*Information provided*
########

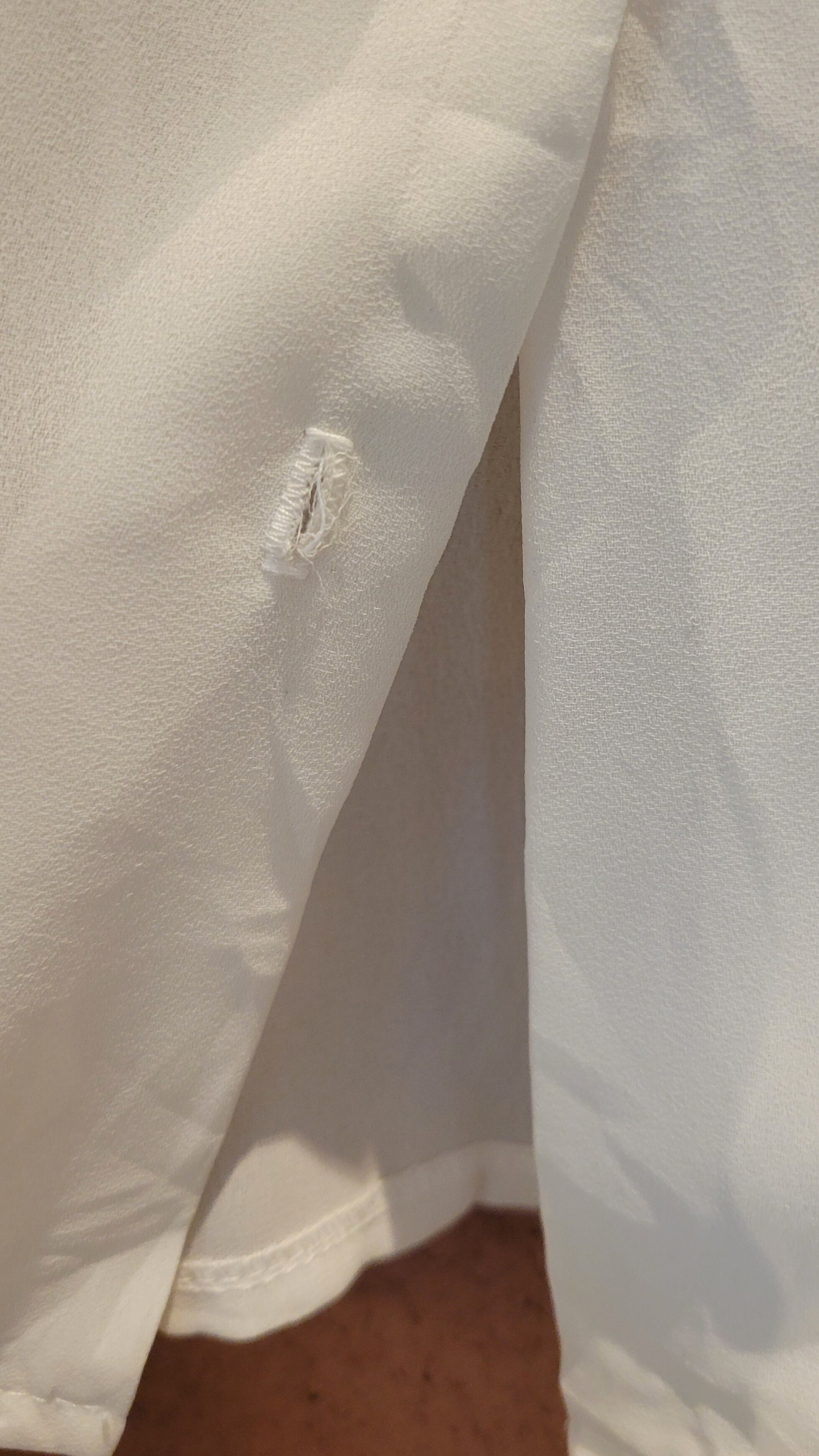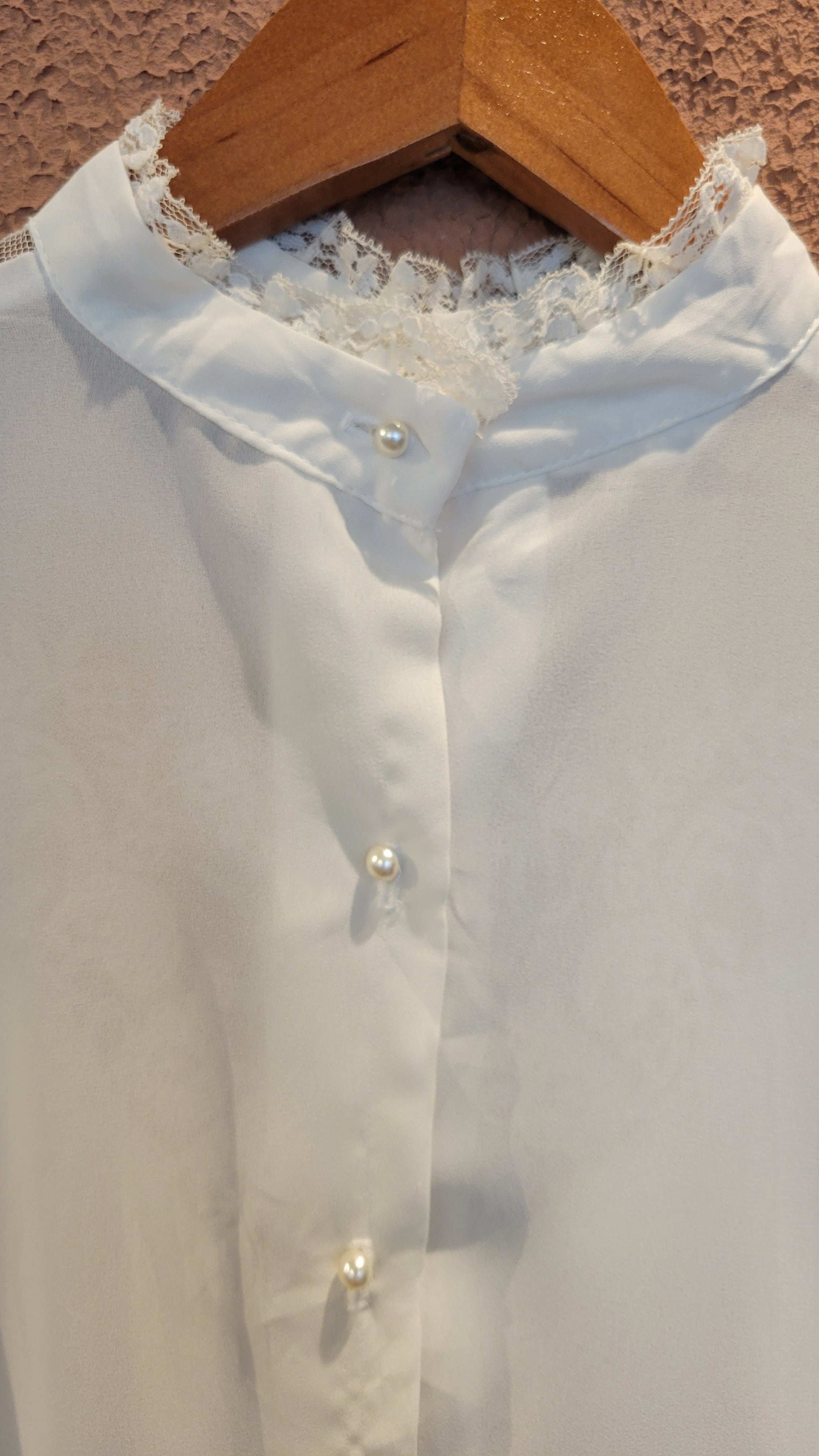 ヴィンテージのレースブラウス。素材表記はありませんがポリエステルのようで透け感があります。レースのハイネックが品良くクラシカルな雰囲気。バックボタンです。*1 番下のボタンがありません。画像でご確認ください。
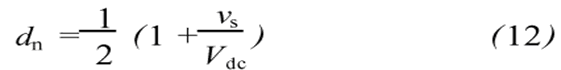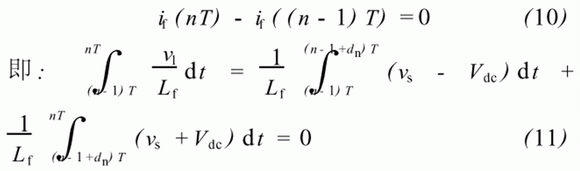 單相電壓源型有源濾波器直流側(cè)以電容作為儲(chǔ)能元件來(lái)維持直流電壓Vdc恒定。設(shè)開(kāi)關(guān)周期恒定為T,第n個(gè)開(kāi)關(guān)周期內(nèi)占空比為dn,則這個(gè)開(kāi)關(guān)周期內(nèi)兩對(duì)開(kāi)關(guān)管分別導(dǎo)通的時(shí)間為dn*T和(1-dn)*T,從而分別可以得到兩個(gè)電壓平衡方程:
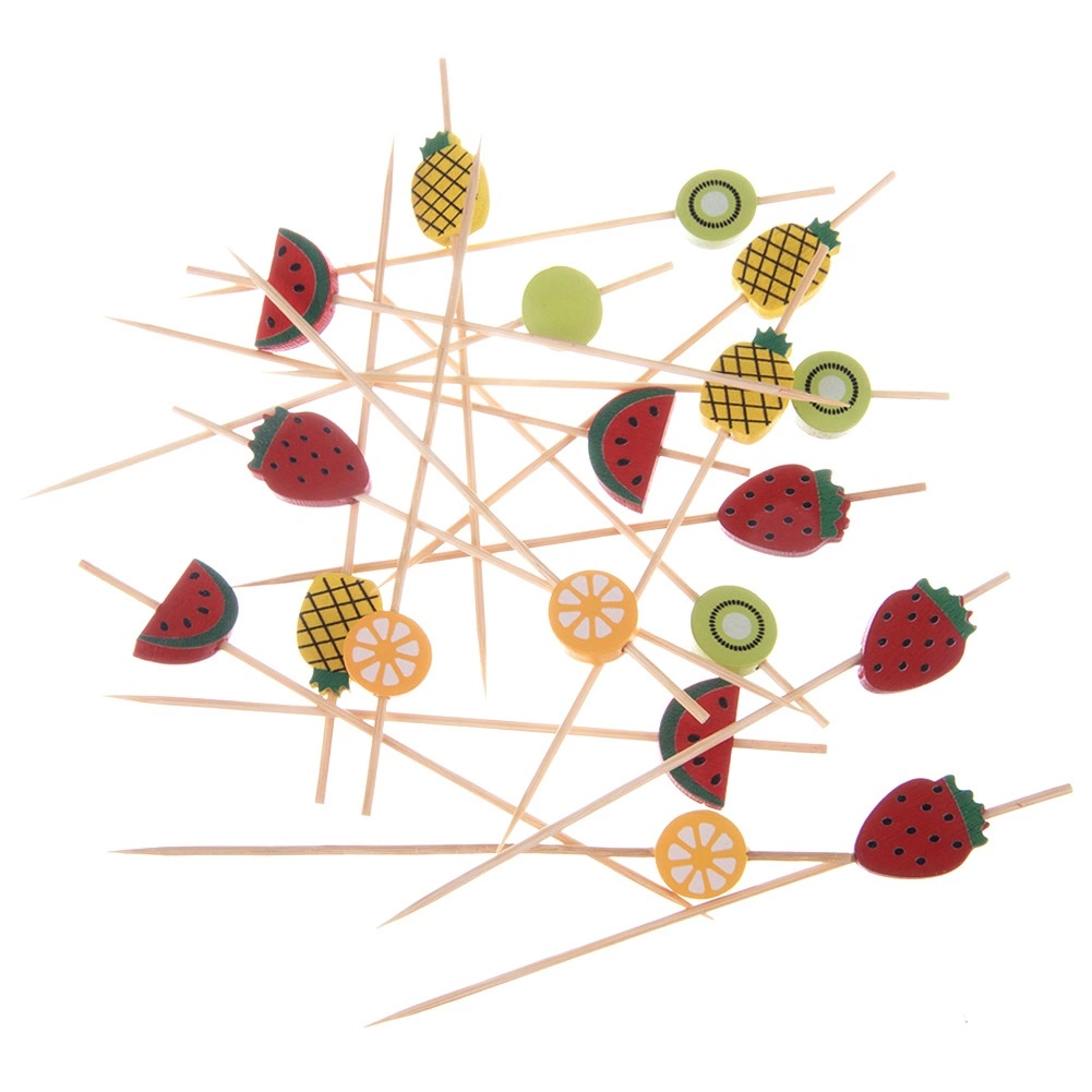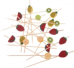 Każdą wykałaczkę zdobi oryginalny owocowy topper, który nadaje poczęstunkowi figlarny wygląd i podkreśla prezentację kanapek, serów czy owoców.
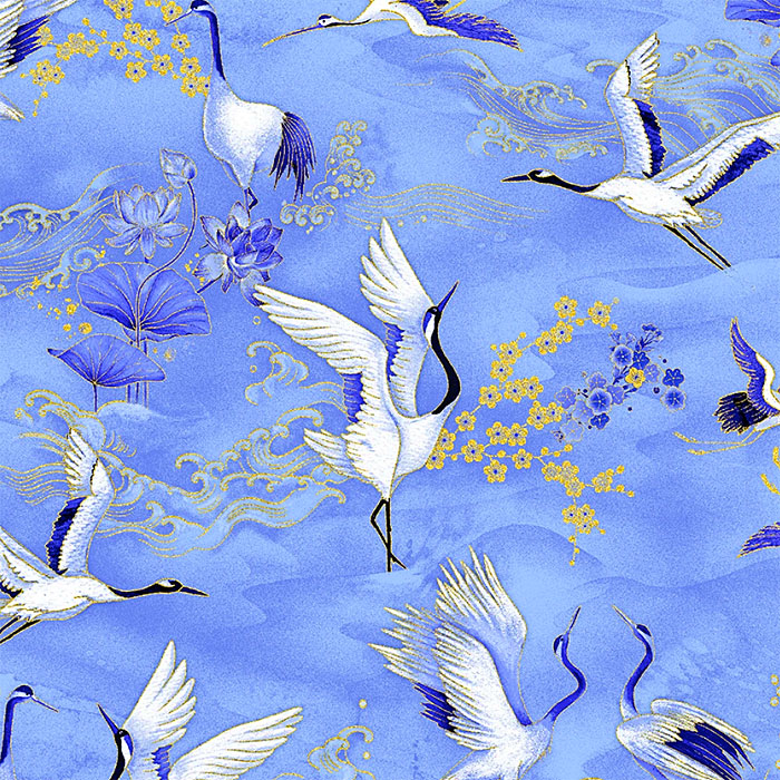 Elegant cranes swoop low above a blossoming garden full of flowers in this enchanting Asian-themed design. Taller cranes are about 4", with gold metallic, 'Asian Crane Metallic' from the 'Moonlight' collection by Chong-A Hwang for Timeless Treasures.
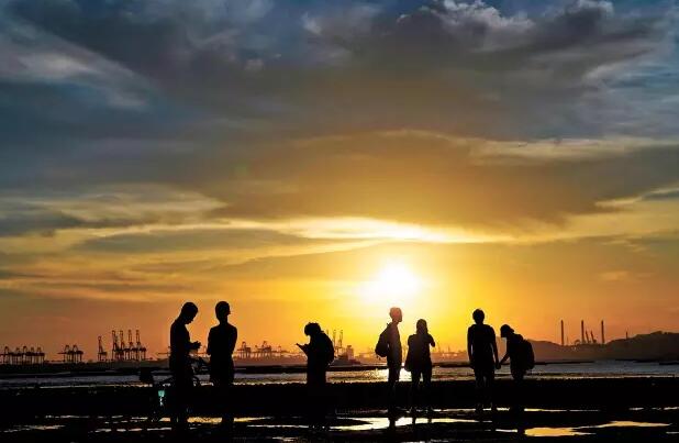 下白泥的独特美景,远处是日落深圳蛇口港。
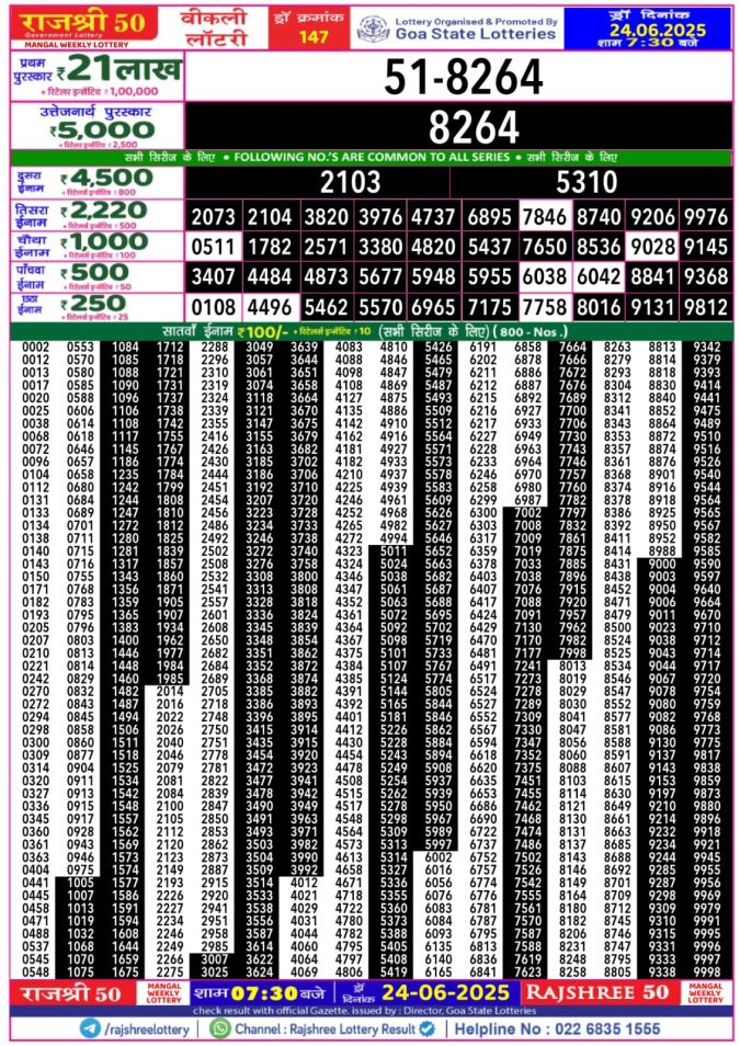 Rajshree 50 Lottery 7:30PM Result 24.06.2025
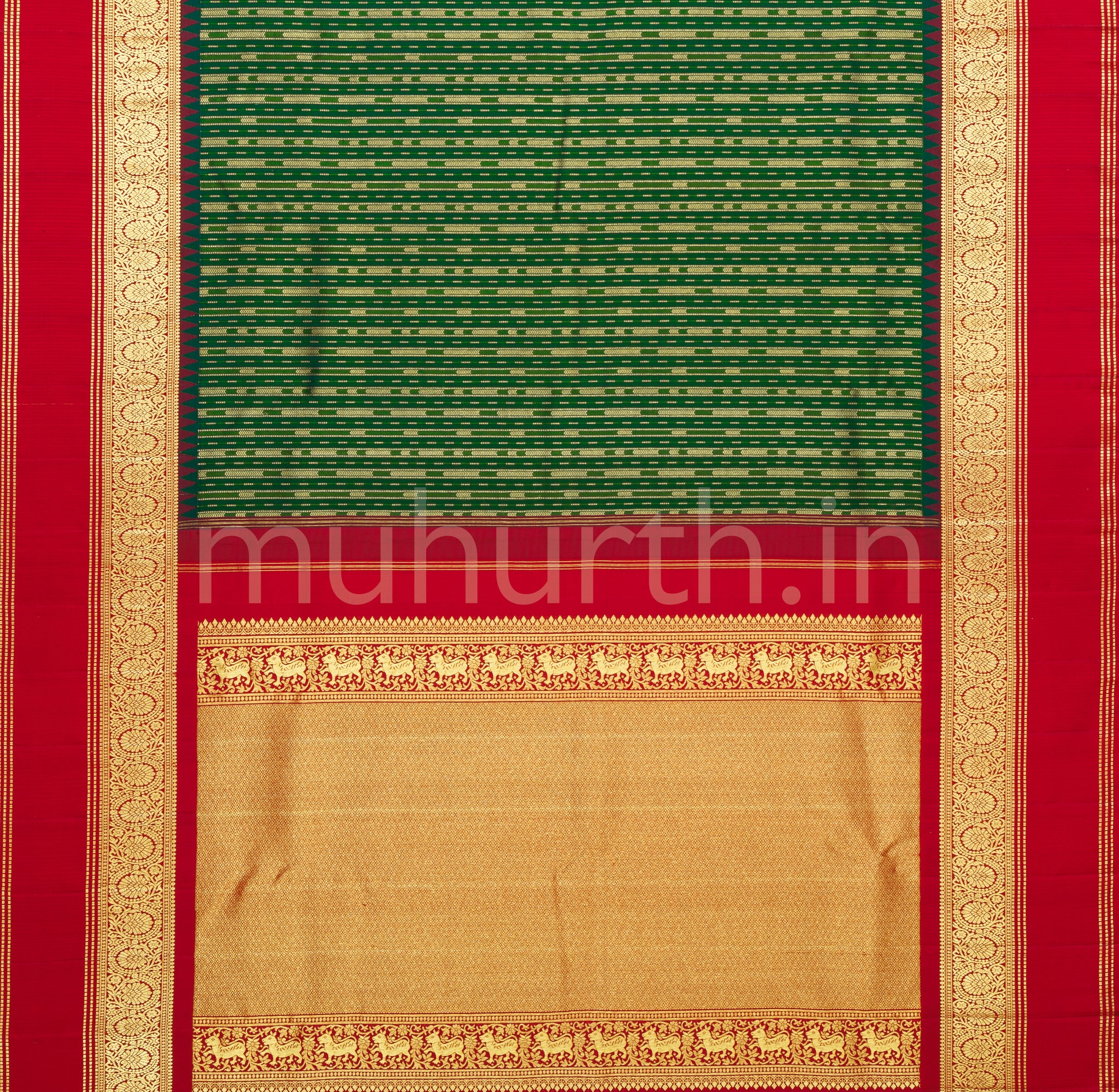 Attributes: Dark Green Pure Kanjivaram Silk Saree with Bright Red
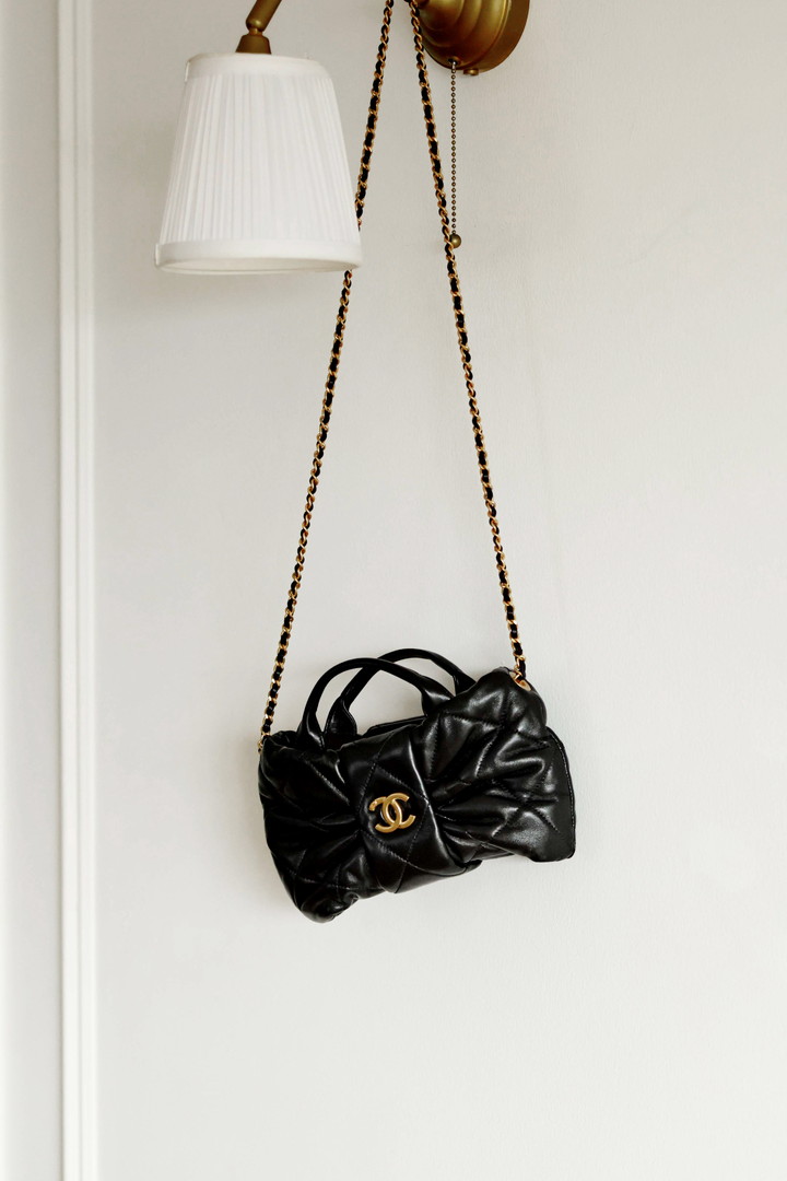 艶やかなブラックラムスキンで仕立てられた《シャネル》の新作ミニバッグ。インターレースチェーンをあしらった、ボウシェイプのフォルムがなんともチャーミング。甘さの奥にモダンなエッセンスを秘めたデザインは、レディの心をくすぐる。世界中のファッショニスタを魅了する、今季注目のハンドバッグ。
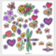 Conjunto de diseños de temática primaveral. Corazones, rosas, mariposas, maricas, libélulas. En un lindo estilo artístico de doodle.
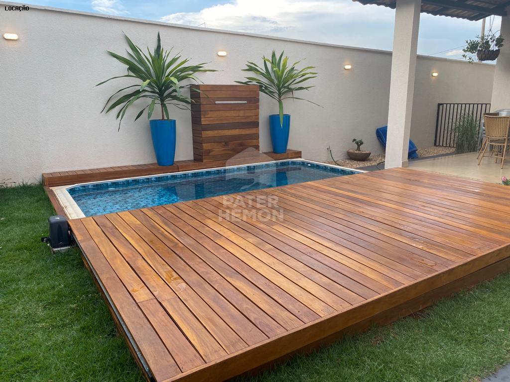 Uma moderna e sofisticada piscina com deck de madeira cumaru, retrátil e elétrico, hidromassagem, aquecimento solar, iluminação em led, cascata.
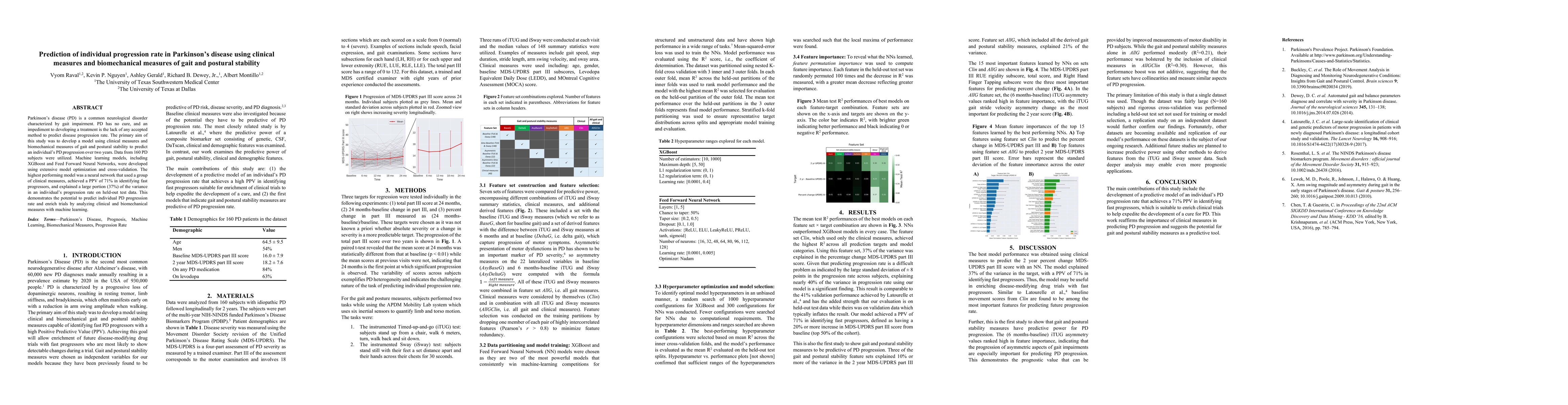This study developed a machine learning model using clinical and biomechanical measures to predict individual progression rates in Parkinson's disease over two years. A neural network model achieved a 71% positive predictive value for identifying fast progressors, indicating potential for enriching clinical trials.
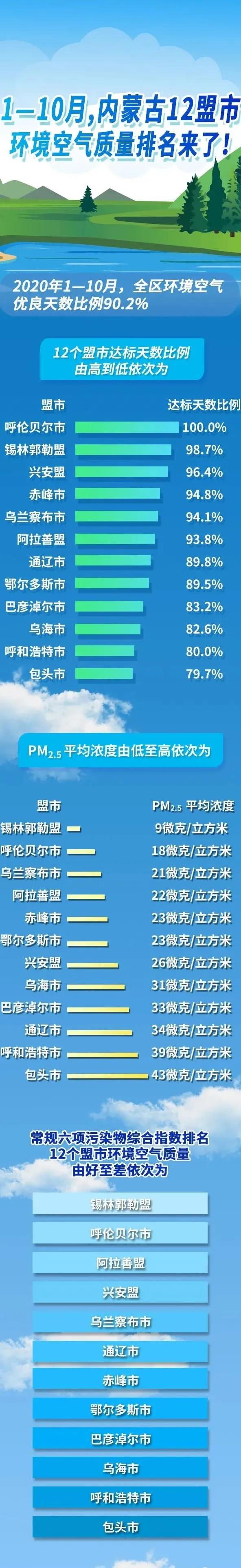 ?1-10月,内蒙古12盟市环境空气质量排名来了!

########

*Assignment*
Starting at the line with "單相電壓源型有源濾波器直流側" and finishing at the line with "Rajshree 50 Lottery 7:30PM Result 24.06.2025", copy the material above exactly, both lines included. Nothing else goes in, and no pictures.

*Task output*
 單相電壓源型有源濾波器直流側(cè)以電容作為儲(chǔ)能元件來(lái)維持直流電壓Vdc恒定。設(shè)開(kāi)關(guān)周期恒定為T,第n個(gè)開(kāi)關(guān)周期內(nèi)占空比為dn,則這個(gè)開(kāi)關(guān)周期內(nèi)兩對(duì)開(kāi)關(guān)管分別導(dǎo)通的時(shí)間為dn*T和(1-dn)*T,從而分別可以得到兩個(gè)電壓平衡方程:
 Każdą wykałaczkę zdobi oryginalny owocowy topper, który nadaje poczęstunkowi figlarny wygląd i podkreśla prezentację kanapek, serów czy owoców.
 Elegant cranes swoop low above a blossoming garden full of flowers in this enchanting Asian-themed design. Taller cranes are about 4", with gold metallic, 'Asian Crane Metallic' from the 'Moonlight' collection by Chong-A Hwang for Timeless Treasures.
 下白泥的独特美景,远处是日落深圳蛇口港。
 Rajshree 50 Lottery 7:30PM Result 24.06.2025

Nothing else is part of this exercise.